PUBLIKAINDONESIA.COM, SAMARINDA – Kepolisian Resor Kota (Polresta) Samarinda kembali menunjukkan komitmennya dalam perang melawan narkoba. Kali ini, sebanyak 2.025 gram sabu-sabu atau sekitar 2 kilogram barang bukti narkotika dimusnahkan dalam sebuah kegiatan resmi yang digelar di Aula Rupatama Polresta Samarinda.


Namun sebelum dimusnahkan, pihak kepolisian menyisihkan 5 persen dari total sabu yang akan dihancurkan. Kenapa?
Ini Penjelasan Lengkapnya…
Kapolresta Samarinda, Kombes Pol Hendri Umar, menjelaskan bahwa penyisihan 5 persen tersebut merupakan prosedur hukum yang wajib dilakukan.

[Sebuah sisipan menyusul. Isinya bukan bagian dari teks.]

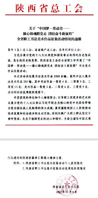 jdb电子原春鸣老师在陕西省 “中国梦·劳动美”全省职工书画大赛中获二等奖。

“Dalam proses penyidikan, kami wajib menyisihkan sebagian kecil barang bukti narkotika, yaitu sekitar 5 persen, untuk keperluan pembuktian di pengadilan nanti. Sisanya, sebanyak 95 persen dimusnahkan setelah mendapat penetapan resmi dari Kejaksaan,” terang Hendri saat memimpin kegiatan pemusnahan.
Proses penghancuran sabu dilakukan dengan cara diblender, dan dilaksanakan secara terbuka di hadapan para tersangka serta perwakilan dari Kejaksaan Negeri Samarinda, BNN Samarinda, dan pihak terkait lainnya. Tujuannya? Agar proses pemusnahan berjalan transparan dan akuntabel.
13 Tersangka, 8 Laporan Polisi
Kapolresta merinci bahwa barang bukti sabu yang dimusnahkan merupakan hasil pengungkapan dari 8 laporan polisi (LP), yang terdiri dari:
- 5 LP ditangani oleh Satresnarkoba Polresta Samarinda
- 3 LP ditangani oleh Unit Reskrim Polsek Sungai Kunjang
Dari rangkaian kasus tersebut, polisi telah menetapkan 13 orang sebagai tersangka. Seluruh tersangka turut dihadirkan dalam proses pemusnahan sebagai bagian dari transparansi penegakan hukum.
“Pemusnahan ini adalah bagian dari bentuk tanggung jawab kami kepada publik, bahwa barang bukti yang dimusnahkan benar-benar narkotika hasil tangkapan, bukan barang pengganti atau replika,” tegas Hendri.
Pemusnahan Rutin, Perang Melawan Narkoba Jalan Terus
Kombes Hendri menambahkan bahwa kegiatan pemusnahan barang bukti narkoba akan terus dilakukan secara berkala dan terbuka, sebagai bagian dari komitmen Polresta Samarinda dalam memutus mata rantai peredaran narkotika di wilayahnya.
“Kami pastikan setiap langkah penanganan kasus narkoba dilakukan dengan tegas, transparan, dan sesuai prosedur hukum yang berlaku,” tutupnya.
🔍 Fakta Penting:
- Total sabu dimusnahkan: 2.025 gram (sekitar 2 kg)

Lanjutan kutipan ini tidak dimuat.